3D Gaussian Splatting (3DGS) has become a popular solution in SLAM, as it can produce high-fidelity novel views. However, previous GS-based methods primarily target indoor scenes and rely on RGB-D sensors or pre-trained depth estimation models, hence underperforming in outdoor scenarios. To address this issue, we propose a RGB-only gaussian splatting SLAM method for unbounded outdoor scenes--OpenGS-SLAM. Technically, we first employ a pointmap regression network to generate consistent pointmaps between frames for pose estimation. Compared to commonly used depth maps, pointmaps include spatial relationships and scene geometry across multiple views, enabling robust camera pose estimation. Then, we propose integrating the estimated camera poses with 3DGS rendering as an end-to-end differentiable pipeline.
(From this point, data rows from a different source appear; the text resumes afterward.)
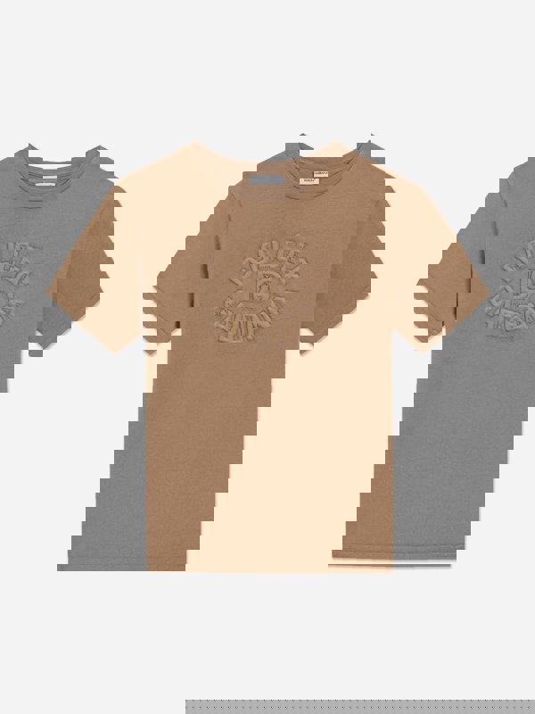 Discover the exquisite Boys Logo T-Shirt in Brown by Dolce & Gabbana, a quintessentially Italian creation poised to enrich your child's SS2025 wardrobe. Each detail embodies luxury and style:
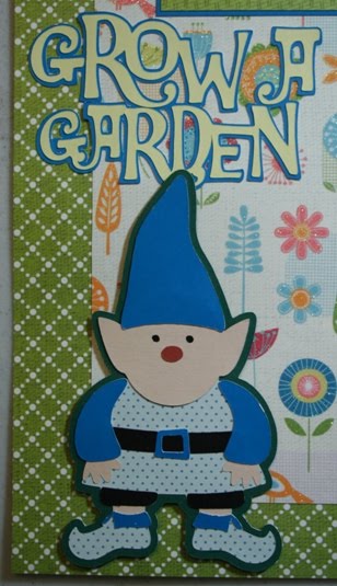 The layout it 12"x12." All the patterned cardstock and paper is from the DCWV Flower Shower Stack. I used the green patterned cardstock for the base of the layout. I then cut the flower cardstock at 10"x10" and adhered it in the middle of the green cardstock. I cut mats for three photos. The larger one is matted for a 4"x6" picture, with the green mat cut at 4 1/4"x6 1/4" and the blue mat cut 1/8" larger than that. The smaller ones are matted for 3"x3" photos. The green mats are cut at 3 1/4"x3 1/4" and the blue mats are 1/8" larger. The large sunflower is cut at 10" from the Bloom cartridge. I added some embossing to the center of the flower with the Swiss Dots folder. The mushrooms are from Cindy Loo. The larger one is cut at 2 1/2" and the smaller one was cut at 2." I used some glossy accents on the mushroom caps. The gnome is from Freshly Picked and cut at 5." The title, "Grow a Garden" is from Give a Hoot and cut at 2 1/4." I used the shadow feature on all my cuts to make them stand out. I adhered everything right to the scrapbook page, except the gnome and smaller mushroom...those are adhered with pop-dots for some dimension.
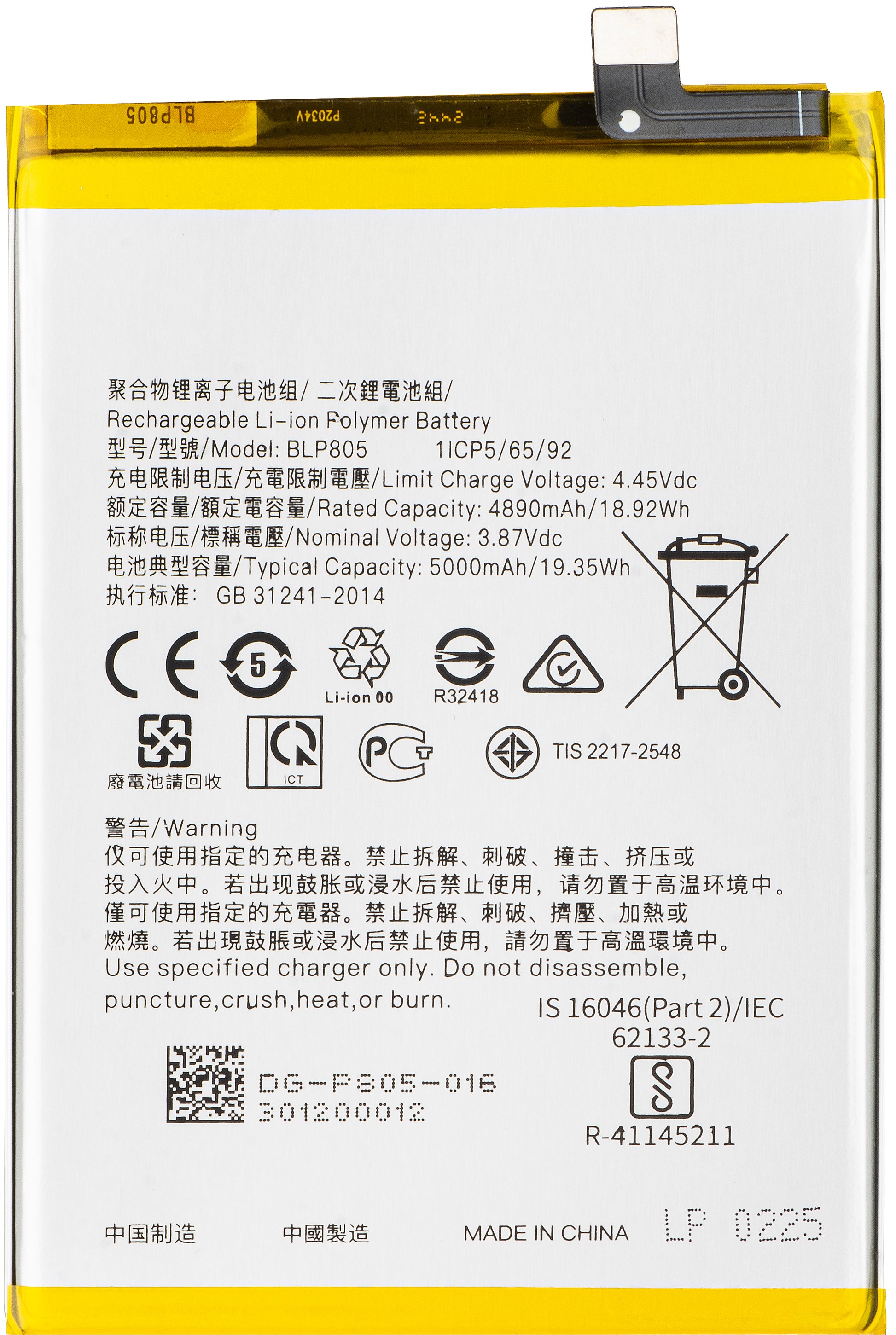 Μοντέλο μπαταρίας | BLP805 |
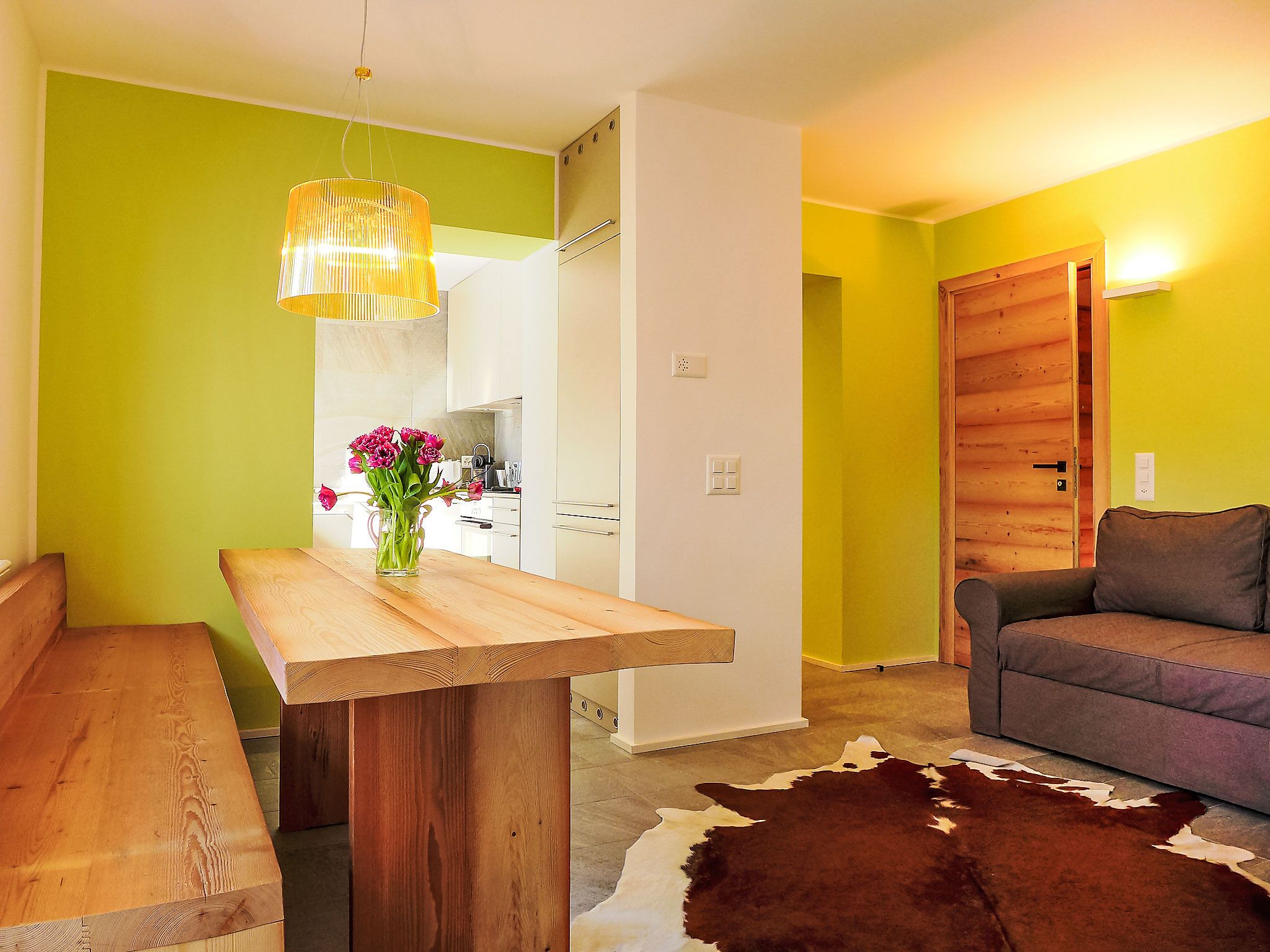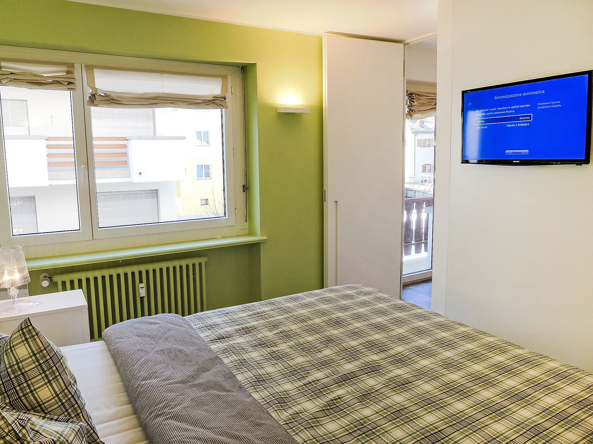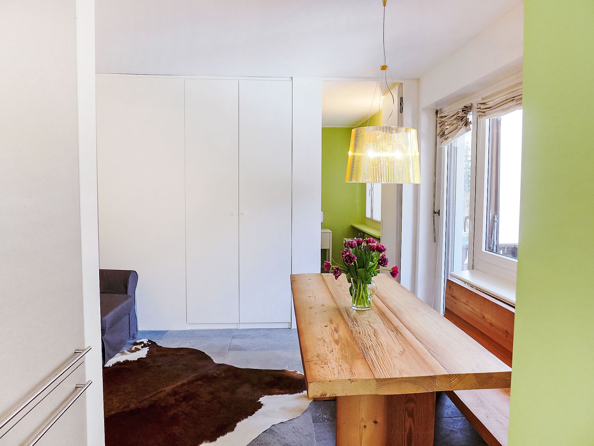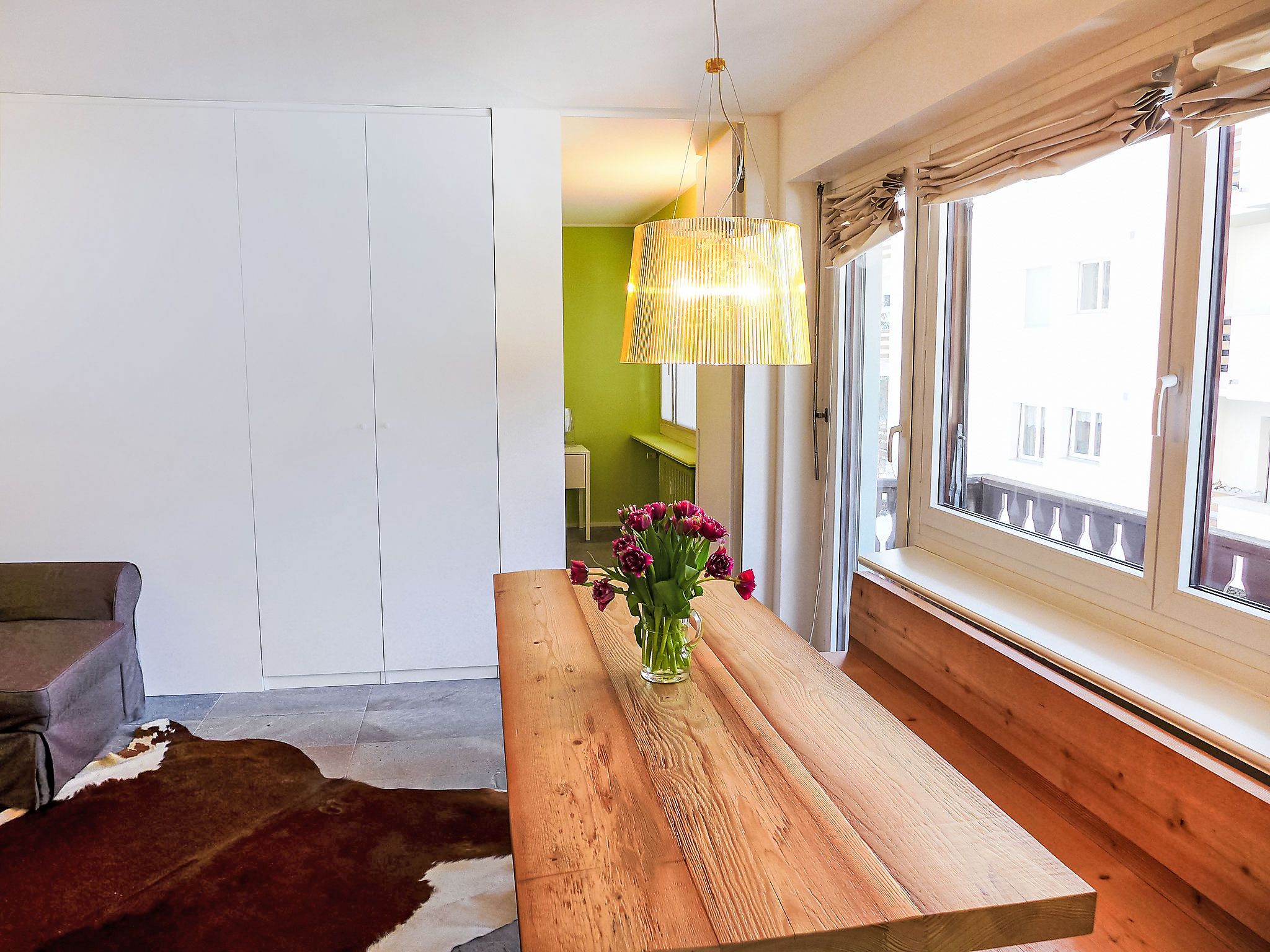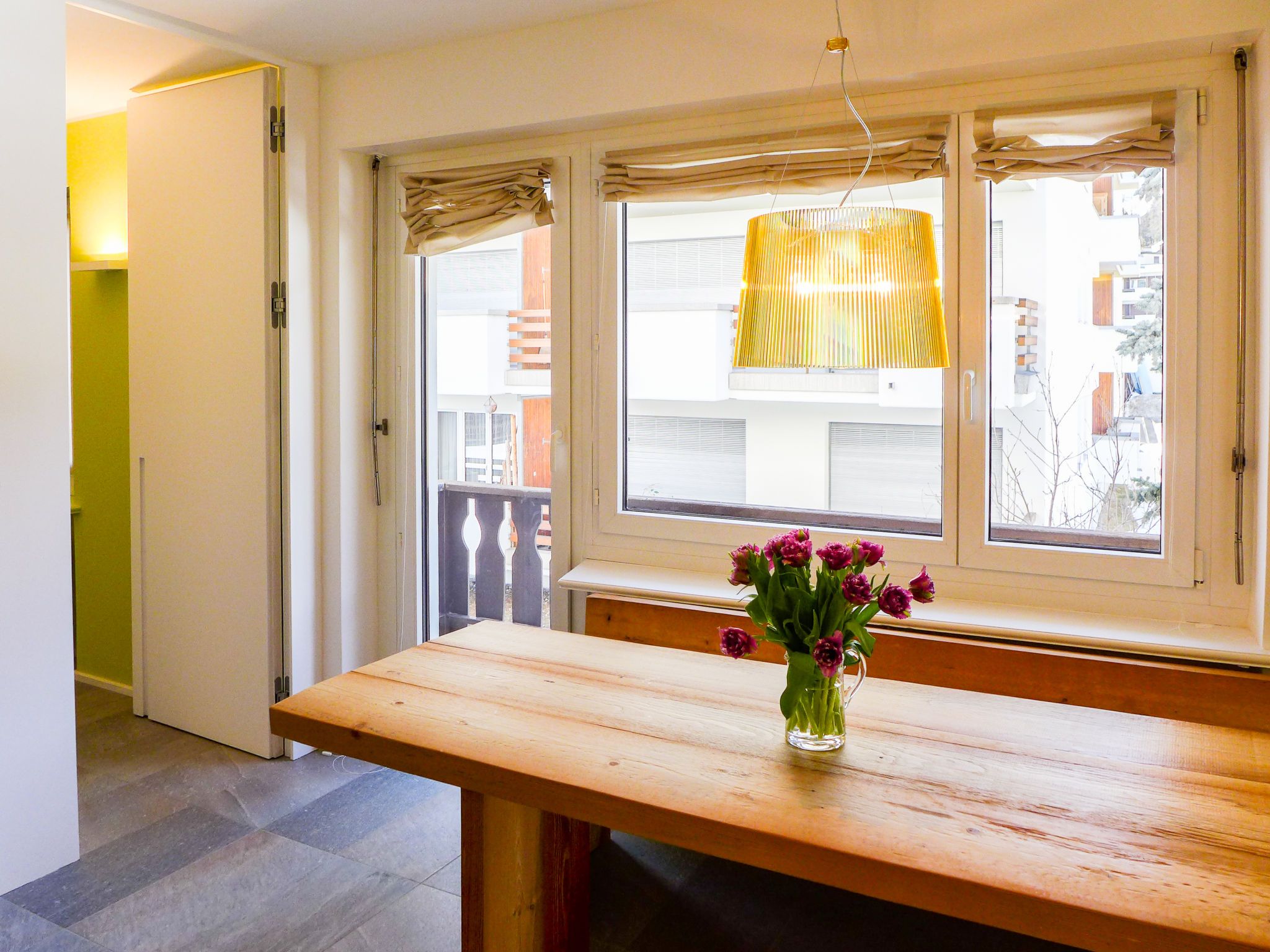 Chesa La Soliva, 2-Zimmer-Wohnung 47 m2 im 1. Stock. Vollständig renoviert im Jahre 2015, sehr modern und geschmackvoll eingerichtet: Wohn-/Esszimmer mit 1 Doppeldiwanbett (1 x 150 cm, Länge 200 cm). Ausgang zum Balkon, Richtung Westen. 1 Zimmer mit 1 franz. Bett (180 cm, Länge 200 cm), TV. Kleine, offene Küche (Backofen, Geschirrspüler, 4 Induktionskochplatten, Toaster, Wasserkocher, Tiefkühler, elektrische Kaffeemaschine, Kapseln für die Kaffeemaschine (Nespresso) extra). Dusche/WC. Heizung. Natursteinboden. Seitliche Sicht auf die Berge und die Ortschaft. Zur Verfügung: Haartrockner. Internet (Wireless LAN, gratis). Parkplatz Nr. 20 (1 Auto). Bitte beachten: geeignet für Familien. Nichtraucher-Unterkunft. Maximal 1 kleines Haustier/Hund erlaubt. Kein Fahrstuhl.

Our method achieves simultaneous optimization of camera poses and 3DGS scene parameters, significantly enhancing system tracking accuracy. Specifically, we also design an adaptive scale mapper for the pointmap regression network, which provides more accurate pointmap mapping to the 3DGS map representation. Our experiments on the Waymo dataset demonstrate that OpenGS-SLAM reduces tracking error to 9.8\% of previous 3DGS methods, and achieves state-of-the-art results in novel view synthesis. Project Page: https://3dagentworld.github.io/opengs-slam/

Paper Structure

This paper contains 28 sections, 14 equations, 4 figures, 2 tables.

Figures (4)

  • Figure 1: SLAM System Pipeline: Each frame inputs an RGB image for tracking. The current and previous frames are input as a pair into the Pointmap Regression network for pose estimation, followed by pose optimization based on the current Gaussian map. At keyframes, mapping is performed and the pointmap is processed by the Adaptive Scale Mapper for new Gaussian mapping. Camera pose and Gaussian map are jointly optimized in the local window.
  • Figure 2: Novel View Rendering Results on 4 Waymo segments. For unbounded outdoor scenes, our method renders high-fidelity images, accurately capturing details of vehicles, streets, and buildings. In contrast, MonoGS and GlORIE-SLAM exhibit rendering distortions and blurriness.
  • Figure 3: Comparison of tracking trajectories with MonoGS on 4 segments. Our method greatly enhances tracking accuracy, with no noticeable drift.
  • Figure 4: Ablation study of lr adjustment and pointmap regression: tracking trajectories on two segments. Without them, tracking fails during the process.